I think back to my Kibbutz Malkiya days in the late 1980's. I met many lovely people there, some of them scarred by earlier conflicts (a soldier in his late twenties who lost six of his friends in the Lebanon, a late middle-aged man who lost all his family to Auschwitz - he never spoke). Malkiya has yet to be hit this time round (it is right on the border with the exclusion-zone), but they have been bombed in the past. How do we retain our humanity in times like these?


Pieces, bits

I've just spent the past hour reading The Guardian and This Day. Its quite an odd experience; after reading mangled English, incorrect grammar and the lowest possible standards of journalism in every sense for a sustained period, one comes out quite disoriented. But you've heard me complain about Nigerian journalism before so what's new? It would be lovely to read a Nigerian paper and learn something new or incisive about the country, but unfortunately, this doesnt seem possible. Instead, one reads a mixture of hagiographic encomiums from sycophants, planted stories and over-long letters from various marginalised souls. One learns more about the country from talking to everyday people, not from getting ink rubbed off on the hands from the papers..

A couple of stories did however leap out at me. The first is that Covenant University, an evangelical institution run by the Winner's Chapel crew headed by Pastor David Oyedepo, has just celebrated their first graduation ceremony. Curiously, all graduands were asked to submit a blood sample before they could go forward to graduate. Quite why the sample was needed was not explained. Perhaps its yet another example of the practice of covert HIV screening that seems to be gaining ground in the country. A case against covert screening needs to be made loud and clear. This being Nigeria, it will probably come out quiet and muddled.

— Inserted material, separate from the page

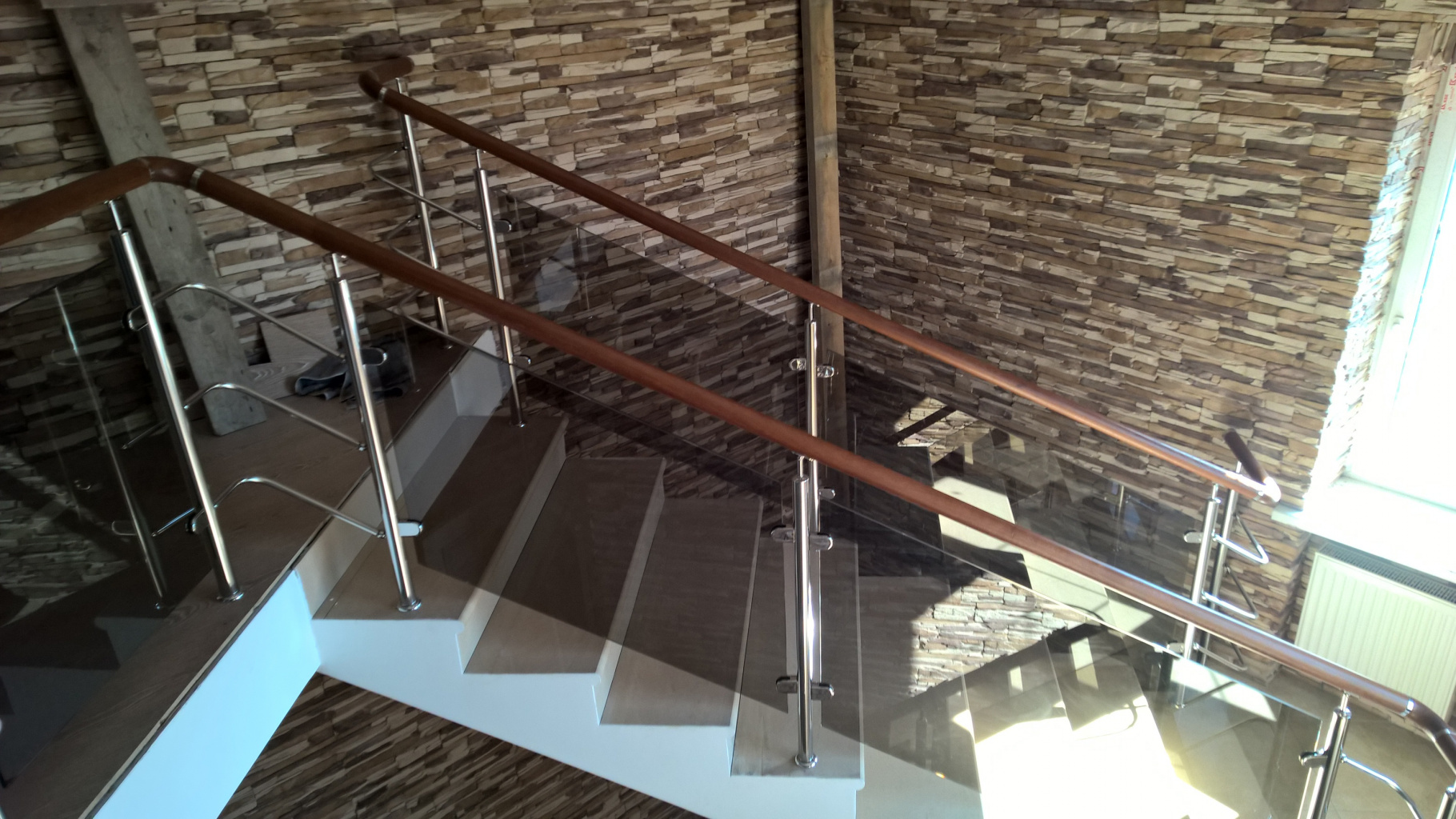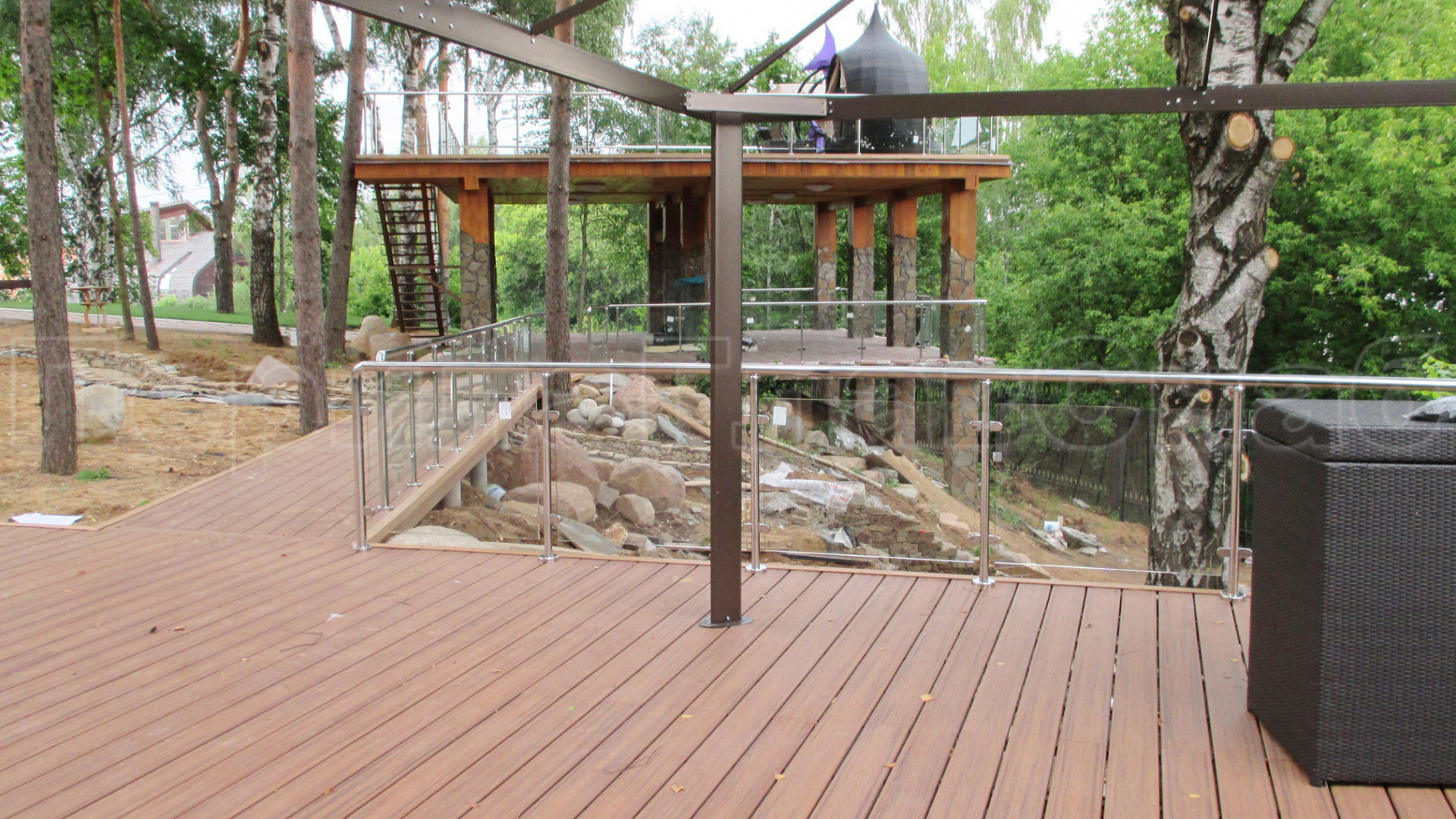 Ограждение с деревянным поручнем с зажимными стеклодержателями и стойками в Краснодаре. Готовые проекты ПерилаГлавСнаб - фото 1 Ограждение с деревянным поручнем с зажимными стеклодержателями и стойками в Краснодаре. Готовые проекты ПерилаГлавСнаб - фото 2

The second story concerns another pastor in Lagos, who has a practice of setting sinners alight, by setting fire to the ground and then getting fallen flock to roll in it. Meanwhile, the papers are all leading on the story that British Police have come over to help the investigation into the Funso Williams assassination. There seems to be some prestige attached to the fact that police from overseas are involved. Perhaps this reflects a genuine determination to find the culprits (after so many unsolved political assassinations). I wonder how easy the job will be if the murder scene was not left intact? The obvious question that no journalist bothers to ask is what does it say about the Nigerian Police force that outside 'experts' have to be brought in?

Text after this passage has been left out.